Q. I was alarmed to see the news that fen-phen diet pills cause heart problems. The reports mention women only.
I am a 47-year-old man and I have been on fen-phen for six months. It has helped me lose almost 20 pounds and I am reluctant to stop. On the other hand, I don't want to damage my heart. Are men susceptible to this problem?
A. We wish we knew. This information from the Mayo Clinic is so new that it hasn't yet been published in the medical literature. It will appear in the New England Journal of Medicine in a few weeks.
The FDA is so concerned with the fen-phen findings that the agency issued a health advisory. Fenfluramine and phentermine, two prescription diet pills long used individually, have not been approved for combination use.

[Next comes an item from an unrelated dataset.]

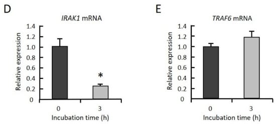 To clarify whether GGOH suppresses the expression levels of IRAK1 and TRAF6 prior to LPS stimulation, THP-1 cells were incubated with GGOH, and the levels of both protein and mRNA were measured. We observed that the protein levels of IRAK1 and TRAF6 were significantly decreased after 1 h of GGOH treatment (Figure 4A–C). The level of IRAK1mRNA was significantly decreased after 3 h of GGOH treatment, while the level of TRAF6 mRNA was not changed (Figure 4D,E). On the other hand, TRAF6 mRNA was significantly decreased after 24 h of GGOH treatment (Figure S1). These results indicated that the decrease in IRAK1 and TRAF6 proteins by GGOH occured in a transcriptionally dependent and independent manner at 3 h of GGOH treatment, respectively.

We don't know if women's heart valves are more vulnerable to damage from these drugs, or if there are simply more women exposed to this combination. Researchers don't even know if the medications are responsible for the problem, which is extremely rare. Symptoms to be alert for include shortness of breath, unusual fatigue and swelling of the legs from fluid accumulation.
You should discuss the new research with your physician to decide whether fen-phen is still appropriate for you.
Blood pressure blues
Q. I have had high blood pressure for more than 10 years, and my doctor has prescribed lots of different drugs. I have been on Procardia XL, which made me dizzy and caused my legs to swell. Vasotec gave me an annoying cough.
Then the doctor put me on atenolol, but that made me wheeze and wiped me out. I feel nauseated on Zestril and it gives me diarrhea.
Now the doctor is thinking about Cozaar. I've never heard of this drug, and I'm not crazy about being a guinea pig anymore. Can you tell me something about it?
A. Cozaar (losartan) is a new type of blood pressure medicine. Though it is somewhat similar to drugs such as Vasotec, it does not produce a cough. Side effects of Cozaar may include digestive upset, dizziness and insomnia. Most people, however, tolerate this drug quite well.
A lousy situation
Q. I work different shifts and so my daughter has to go to a baby sitter. This woman watches 10 children, so I expected my daughter to catch a lot of colds.
What did she catch instead? A head full of lice! The doctor gave me several different shampoos to try, but still nothing has worked. Please tell me what I should do.
A. In a group situation like this, kids share lice even more easily than toys. Children should be checked daily to make sure they are not passing the lice back and forth. Furniture, carpets and mats for nap time should be thoroughly vacuumed, both in your home and at the sitter's.
We have been hearing more and more lately about hard-to-treat lice. Readers of this column have recommended "The Lice-Buster Book" by L. Copeland (Warner), which suggests using Nix Creme Rinse, one entire bottle per head treated, after shampooing first with Prell.
Make sure that clothes, sheets and pillowcases have been washed in hot water. Stuffed animals should be dry cleaned if possible or isolated in plastic bags for at least two weeks.